I wake with Dave’s arms around me, the sheets kicked off the bed, our feet entangled. So many mornings, in the early years of our marriage, I lay in bed and watched him sleep, thinking how perfect it all was, how fragile. Those mornings I feared for his safety. I thought of accidents he might have as he sped through the busy streets, imagined the ambulance crashing head-first into a taxi, tires spinning, lights flashing, Dave’s seatbelt snapping, his head smashing through the windshield. I imagined all the neighborhoods he went to in the line of duty, places even the cops avoided, Bedford-Stuyvesant, East New York, places where he would have only his uniform to protect him. I thought of knives and handguns, infected needles that might puncture his skin. I woke, each morning, praying that he wouldn’t be taken from me. I thought of all the ways that life might snap in two, destroying the clarity and order of our world. Never in those days did I fathom that loss comes gradually, so slowly you barely notice; never did it occur to me that things can simply dissolve.

I breathe in the smell of him, that bittersweet scent of soap and sleep. I lift his arms from my body, climb quietly out of bed, shower and dress without waking him, and kiss him on the forehead before leaving our cabin.

I am standing on deck at 5:30 in the morning, the tin cradled in my arms, when The Voice comes over the loudspeaker: “Please everyone come to deck as we begin fascinating journey through magnificent gorges.” I had planned to scatter the ashes here before the other passengers awoke, but it’s too late. Within minutes people have begun emerging from their cabins, zombie-like, their faces still marked with sleep. I tuck the tin under my jacket. Graham appears beside me.

Before us, a concrete wall looms, the lock of Gezhou Dam, just a few miles downstream from the new dam site. We pass through a narrow steel gateway into a wide body of water in which ships of all sizes have gathered. The sluice closes behind us. There is the sound of a releasing, water rushing in, and the ship begins to rise. It feels as if we are on an enormous elevator. Despite the early hour, the bridge above us is crowded with onlookers—the usual assortment of crumpled workers and lackluster soldiers, along with lithe elderly people doing their morning stretches. They wave and exchange greetings with the passengers. There are already a few vendors milling about, trying to sell postcards and jade trinkets, dried eel snacks and steamed buns. Bells ring, lights flash, and another set of massive doors opens. In the space of five minutes we rise seventy feet.

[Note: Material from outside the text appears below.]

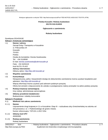 Dz.U./S S10 14/01/2017 14533-2017-PL - - Roboty budowlane - Ogłoszenie o zamówieniu - Procedura otwarta 1/7 Niniejsze ogłoszenie w witrynie TED: http://ted.europa.eu/udl?uri=TED:NOTICE:14533-2017:TEXT:PL:HTML Polska-Koszalin: Roboty budowlane 2017/S 010-014533 Ogłoszenie o zamówieniu Roboty budowlane Dyrektywa 2014/24/UE Sekcja I: Instytucja zamawiająca I.1) Nazwa i adresy Zarząd Dróg i Transportu w Koszalinie ul. Połczyńska 24 Koszalin 75-815 Polska Osoba do kontaktów: Dorota Szarkowska Tel.: +94 3118060 E-mail: [email protected] Faks: +94 3425419 Kod NUTS: PL422 Adresy internetowe: Główny adres: http://bip.zdit-koszalin.pl I.2) Wspólne zamówienie I.3) Komunikacja Nieograniczony, pełny i bezpośredni dostęp do dokumentów zamówienia można uzyskać bezpłatnie pod adresem: http://bip.zdit-koszalin.pl Więcej informacji można uzyskać pod adresem podanym powyżej Oferty lub wnioski o dopuszczenie do udziału w postępowaniu należy przesyłać na adres podany powyżej I.4) Rodzaj instytucji zamawiającej Inny rodzaj: administracja samorządowa I.5) Główny przedmiot działalności Budownictwo i obiekty komunalne Sekcja II: Przedmiot II.1) Wielkość lub zakres zamówienia II.1.1) Nazwa: Usprawnienie drogi krajowej nr 11 w Koszalinie: Etap III – rozbudowa ulicy Gnieźnieńskiej na odcinku od skrzyżowania z ul. I. Paderewskiego do granic miasta. Numer referencyjny: TZP.221.1.2017.DSz II.1.2) Główny kod CPV 45000000 II.1.3) Rodzaj zamówienia Roboty budowlane 14/01/2017 S10 http://ted.europa.eu/TED - - Roboty budowlane - Ogłoszenie o zamówieniu - Procedura otwarta Suplement do Dziennika Urzędowego Unii Europejskiej 1/7 Dz.U./S S10 14/01/2017 14533-2017-PL - - Roboty budowlane - Ogłoszenie o zamówieniu - Procedura otwarta 2/7 II.1.4) Krótki opis: Przedmiotem zamówienia jest – Usprawnienie drogi krajowej nr 11 w Koszalinie: Etap III – rozbudowa ulicy Gnieźnieńskiej na odcinku od skrzyżowania z ul. I. Paderewskiego do granic miasta Znak sprawy: TZP.221.1.2017.DSz. II.1.5) Szacunkowa całkowita wartość II.1.6) Informacje o częściach To zamówienie podzielone jest na części: nie II.2) Opis II.2.1) Nazwa: II.2.2) Dodatkowy kod lub kody CPV 45112730 45232130 45231400 45232300 II.2.3) Miejsce świadczenia usług Kod NUTS: PL422 Główne miejsce lub lokalizacja realizacji: Usprawnienie drogi krajowej nr 11 w Koszalinie: Etap III – rozbudowa ulicy Gnieźnieńskiej na odcinku od skrzyżowania z ul. I. Paderewskiego do granic miasta. II.2.4) Opis zamówienia: Przedmiotem zamówienia jest rozbudowa ulicy Gnieźnieńskiej w Koszalinie na odcinku od ul. I. Paderewskiego do granic miasta stanowiącej odcinek drogi krajowej nr 11. Zakres robót budowlanych na odcinku ok. 1,5km obejmuje: — roboty drogowe – przebudowa ze wzmocnieniem jezdni i chodników, wykonanie na brakującym odcinku ścieżki rowerowej; — przebudowa zatok autobusowych, miejsc postojowych, zjazdów, — renowacja zieleni w pasie drogowym, wycinka i sadzenie drzew; — regulacja wysokościowa armatury w dostosowaniu do nowych rzędnych nawierzchni; — odwodnienie drogi – częściowe wykorzystanie istniejącego odwodnienia drogowego; — budowa odwodnienia wgłębnego i kolektora deszczowego na dalszym odcinku; — przebudowa i uzupełnienie oświetlenia drogi — przebudowa lub zabezpieczenie istniejącego uzbrojenia zlokalizowanego w sąsiedztwie robót drogowych w zakresie koniecznym dla usunięcia kolizji; — budowa sygnalizacji świetlnej na skrzyżowaniu z ul. Diamentową – Manowską; — budowa ekranów dźwiękochłonnych; — budowę kanału technologicznego. Na objętym rozbudową odcinku droga krajowa Nr 11 (ul. Gnieźnieńska) posiada dwie dwupasmowe jezdnie o nawierzchni bitumicznej szerokość jezdni 7 m. Droga krajowa Nr 11 na przebudowywanym odcinku jest ulicą klasy G o przekroju 2x2 (dwie jezdnie po dwa pasy ruchu), oddzielone pasem dzielącym o szerokości od 2,0 m do 36,0m. 1. Wykonawca zobowiązany jest do udostępnienia placu budowy właścicielom urządzeń podziemnych a w szczególności dla MWiK Koszalin pod budowę magistrali wodociągowej wraz z przyłączami oraz dla firmy 14/01/2017 S10 http://ted.europa.eu/TED - - Roboty budowlane - Ogłoszenie o zamówieniu - Procedura otwarta Suplement do Dziennika Urzędowego Unii Europejskiej 2/7 Dz.U./S S10 14/01/2017 14533-2017-PL - - Roboty budowlane - Ogłoszenie o zamówieniu - Procedura otwarta 3/7 ENERGA-OPERATOR S.A. pod przebudowę sieci kablowych na zasadach określonych przez Wykonawcę. Wykonawca robót określonych w tym zamówieniu będzie zobowiązany do uwzględnienia w harmonogramie rzeczowo – finansowym konieczności udostępnienia placu budowy podmiotowi trzeciemu. 2. W miejscach, gdzie w dokumentacji projektowej, specyfikacjach technicznych oraz przedmiarze robót zostało wskazane pochodzenie (marka, znak towarowy, producent, dostawca) materiałów lub normy, w szczególności których mowa w art. 30 ust. 1-4 ustawy Pzp, Zamawiający dopuszcza oferowanie materiałów równoważnych, pod warunkiem, że zagwarantują one prawidłową realizację robót oraz zapewnią uzyskanie parametrów technicznych nie gorszych od założonych w wyżej wymienionych dokumentach. W takiej sytuacji Zamawiający wymaga złożenia stosownych dokumentów uwiarygodniających te materiały i urządzenia. II.2.5) Kryteria udzielenia zamówienia Cena nie jest jedynym kryterium udzielenia zamówienia; wszystkie kryteria są wymienione tylko w dokumentacji zamówienia II.2.6) Szacunkowa wartość II.2.7) Okres obowiązywania zamówienia, umowy ramowej lub dynamicznego systemu zakupów Koniec: 14/12/2017 Niniejsze zamówienie podlega wznowieniu: nie II.2.10) Informacje o ofertach wariantowych Dopuszcza się składanie ofert wariantowych: nie II.2.11) Informacje o opcjach Opcje: nie II.2.12) Informacje na temat katalogów elektronicznych II.2.13) Informacje o funduszach Unii Europejskiej Zamówienie dotyczy projektu/program

I can hear the noise of construction before the dam itself comes into view. Then, perfectly timed with the appearance of the dam site through a dust-soaked drizzle, The Voice announces, “We now enter world-famous Three Gorges Dam. Exploit the Yangtze. Energy for the People.” A concrete wall lines one side of the river. Enormous cranes reach heavenward, their necks disappearing into the smoky haze.

Graham points to a narrow pass far ahead through which the dark river gushes. “The wall’s going right there,” he says. “It’s going to be six hundred feet tall.” In his voice there is both awe and embarrassment. “To think, some of those cranes use my safety devices.”

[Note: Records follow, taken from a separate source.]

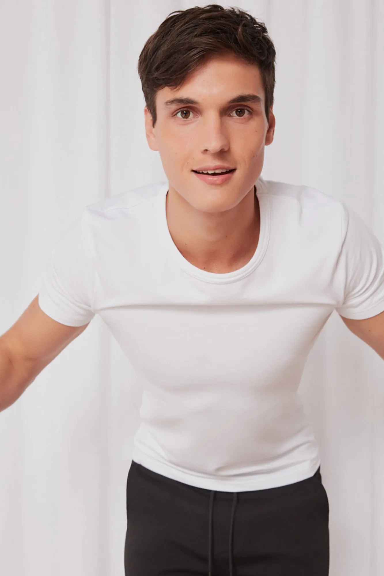 46% algodão, 46% modal, 8% elastano
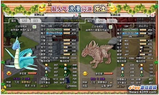 通过对比大家不难看出,有些转生后的宠物实力绝对可以媲美甚至超越那些神兽!而且未转生的玩家也可以佩戴转生后的宠物哦。有了这些超强宠物,相信你的4399乐土浪漫之行将会一路风雨无阻,快乐无边!
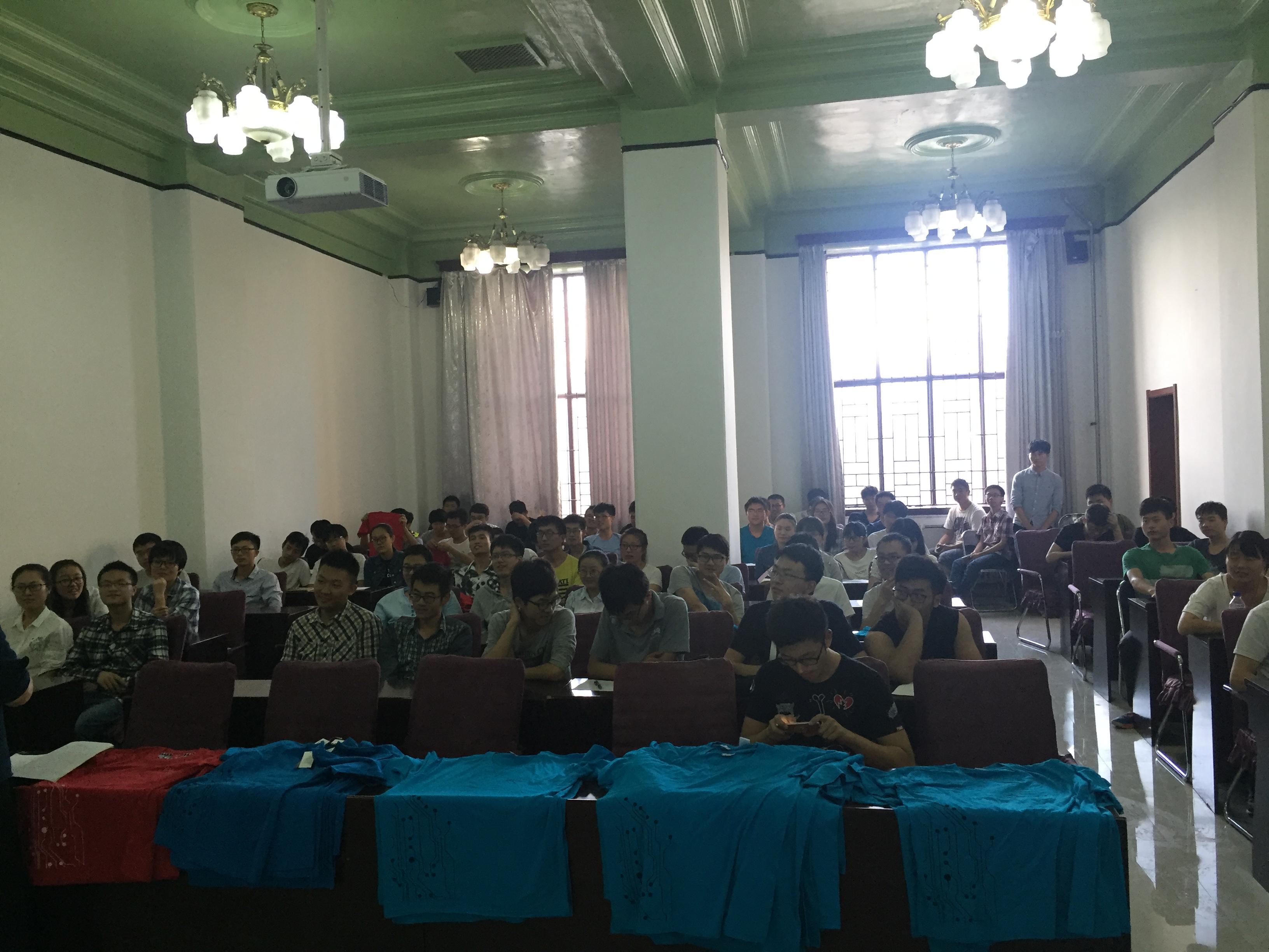 动员大会由院实验中心副主任、科技创新团队指导教师千承辉老师主持。会议伊始,邱增凯老师向全体同学贯彻了习近平总书记的系列重要讲话精神以及校团委关于三下乡活动指导思想,强调了本次专业社会实践活动的时效性,切忌走马观花。同时邱增凯老师对参加本次活动同学们的热情给予了充分的肯定,他指出专业实践技能以及专业创新一直是广大青年学生所欠缺的,希望同学们可以珍惜这短短65天的实践活动,认真按时的完成学院科技创新团队所下达的任务,将理论与实践完美的结合,学院党委和实验中心会尽最大的努力为大家提供所需的物质资源和精神食粮,做同学们坚实的后盾。邱老师又强调了本次活动期间的用电安全等问题,并各位参加培训的同学都能有所收获。随后千承辉老师向各位同学大致介绍了各年级同学的实践任务,并结合自己多年的实践指导经验指出了同学们在实践和创新方面的欠缺同时也为大家提出了一些珍贵的建议,让同学们少走弯路,所有同学获益匪浅。最后邱增凯老师和千承辉老师为同学们分发了队服以资鼓励。

What looms before us now looks like some cold war–era industrial nightmare. The hillsides, shattered by explosives, are craggy banks of eroding soil dotted with tumble-down workers’ shacks and piles of dirt and granite. Graham lends me his binoculars; through them I can make out small human figures dangling precariously from bamboo scaffolding.

“That used to be a mountain,” Graham says. “They sliced it in half to build the locks. A 10,000-ton ship will be able to steer into the pair of locks, ascend from river to reservoir, and emerge on the other side in a lake as placid as your bathtub.”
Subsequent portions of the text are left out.